La exposición a la luz solar influyen de forma directa en el estado de ánimo
Por qué los días soleados nos hacen sentir más felices que los lluviosos
La exposición a la luz solar influyen de forma directa en el estado de ánimo y los niveles de energía
El profesor de Psicología de la Universidad CEU San Pablo, Fernando Miralles, explica que «entre el 30 % y el 50 % de las personas es meteorosensible, es decir, que el tiempo atmosférico afecta a su estado de ánimo». El profesor afirma que estas personas, en invierno están mucho más deprimidas, decaídas y no tendrá ganas de hacer nada.
Los periodos prolongados de lluvia y cielos cubiertos no solo alteran la rutina diaria, sino que también pueden influir en el bienestar emocional. La reducción de la luz solar, clave en la regulación de la serotonina —neurotransmisor vinculado al estado de ánimo—, así como en el ajuste del ritmo circadiano que regula los ciclos de sueño y vigilia, está en el centro de este fenómeno.

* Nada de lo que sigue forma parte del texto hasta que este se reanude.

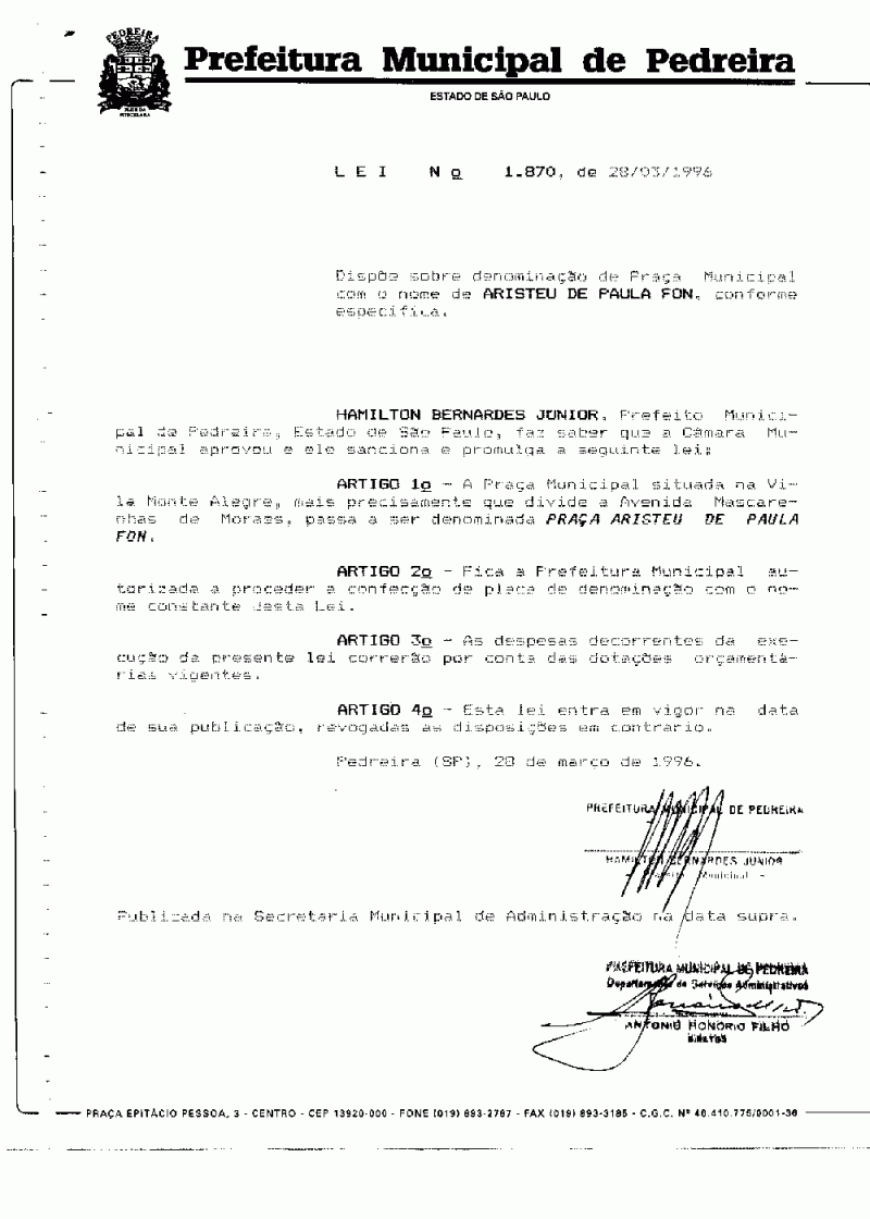 Ementa: Dispõe sobre denominação de Praça Municipal com o nome de Aristeu de Paula Fon, conforme especifica.

Según la Sociedad Española de Psiquiatría, al menos un 90% de los adultos en España experimenta cambios sutiles en el estado de ánimo, la energía y el sueño cuando la falta de luz se prolonga en el tiempo. Aunque estas alteraciones no suelen derivar en un trastorno depresivo, sí se manifiestan en forma de mayor cansancio, irritabilidad o desánimo transitorio. Además, pueden agravar la situación de personas con diagnósticos psiquiátricos previos, favoreciendo recaídas.
La especialista Soraya Bajat, jefa de servicio de Salud Mental de los hospitales universitarios Sanitas La Moraleja y La Zarzuela, detalla el impacto biológico de la falta de luz: «Desde el punto de vista biológico, la disminución de luz natural reduce la producción de serotonina y altera la secreción de melatonina, hormona implicada en el descanso nocturno. La menor exposición solar también influye en la síntesis de vitamina D, cuyo déficit se ha asociado con una mayor presencia de síntomas depresivos. Tras varios días consecutivos sin apenas claridad, el organismo recibe menos estímulos activadores y eso repercute en la energía diaria».
Exposición a la luz solar
Por contra, la exposición a la luz solar influyen de forma directa en el estado de ánimo y los niveles de energía.

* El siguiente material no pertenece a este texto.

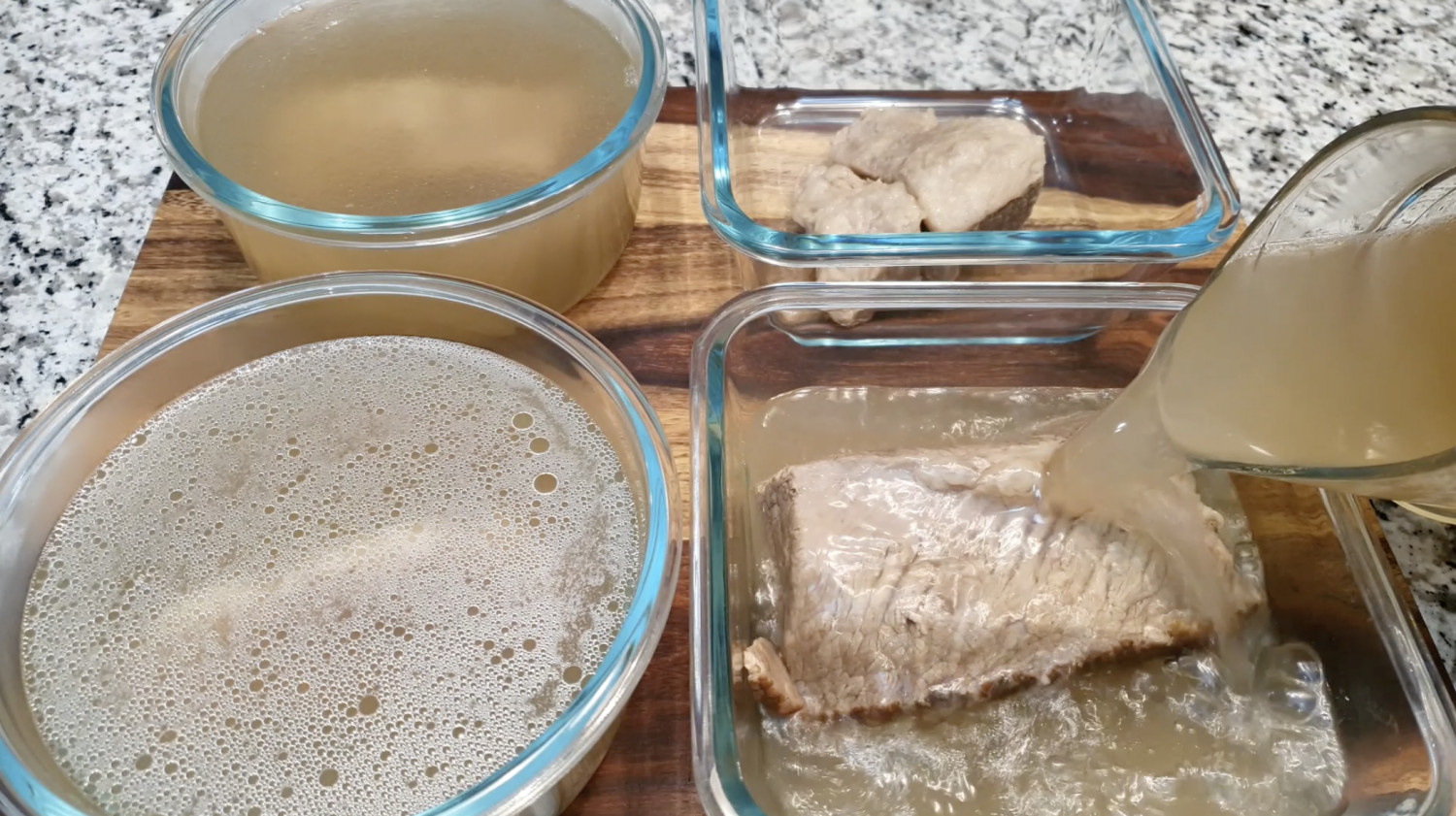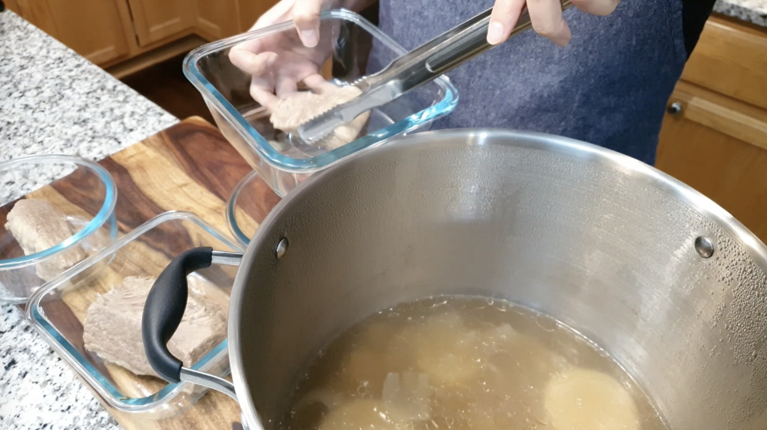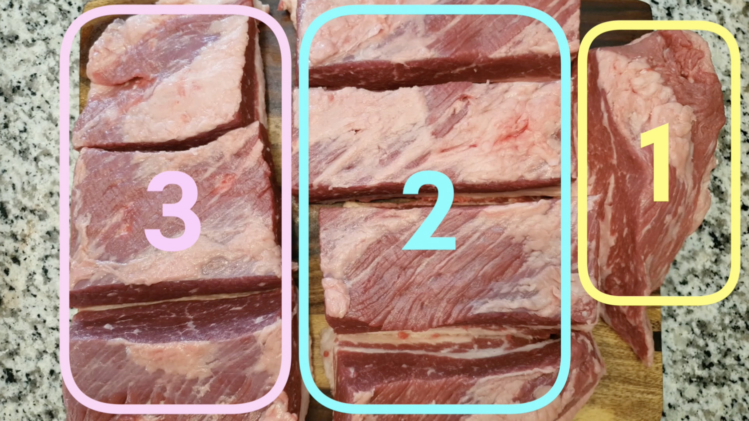 1번과 3번 부위의 고기를 삶아서 고기육수와 수육을 만들거예요.

La Dra. Mónica Zarate explica que la exposición a la luz solar influye de forma directa tanto en la salud física como en el bienestar emocional. Cuando la piel entra en contacto con el sol, el organismo activa la producción de vitamina D, una sustancia esencial para múltiples funciones corporales, entre ellas la regulación del estado de ánimo.
Además, la luz natural desempeña un papel clave en el control de los ritmos biológicos. La exposición solar contribuye a regular los ciclos de sueño, favoreciendo un descanso más reparador y un mejor equilibrio emocional.
Otro de los efectos destacados es el aumento de la serotonina, conocida como la «hormona de la felicidad». Diversos estudios han demostrado que recibir luz solar, especialmente durante las primeras horas del día, estimula su producción, lo que se traduce en una mejora del ánimo.
Por último, la luz del día también interviene en la regulación de la melatonina, la hormona encargada de inducir el sueño. Una adecuada exposición durante las horas diurnas permite que el organismo la produzca de manera más eficiente al llegar la noche, facilitando así el descanso.
Según explican expertos de Acimut Psicología Aplicada muchas personas experimentan una mayor sensación de vitalidad, optimismo y activación durante los días soleados y con más horas de luz, lo que favorece la realización de actividades y la interacción social.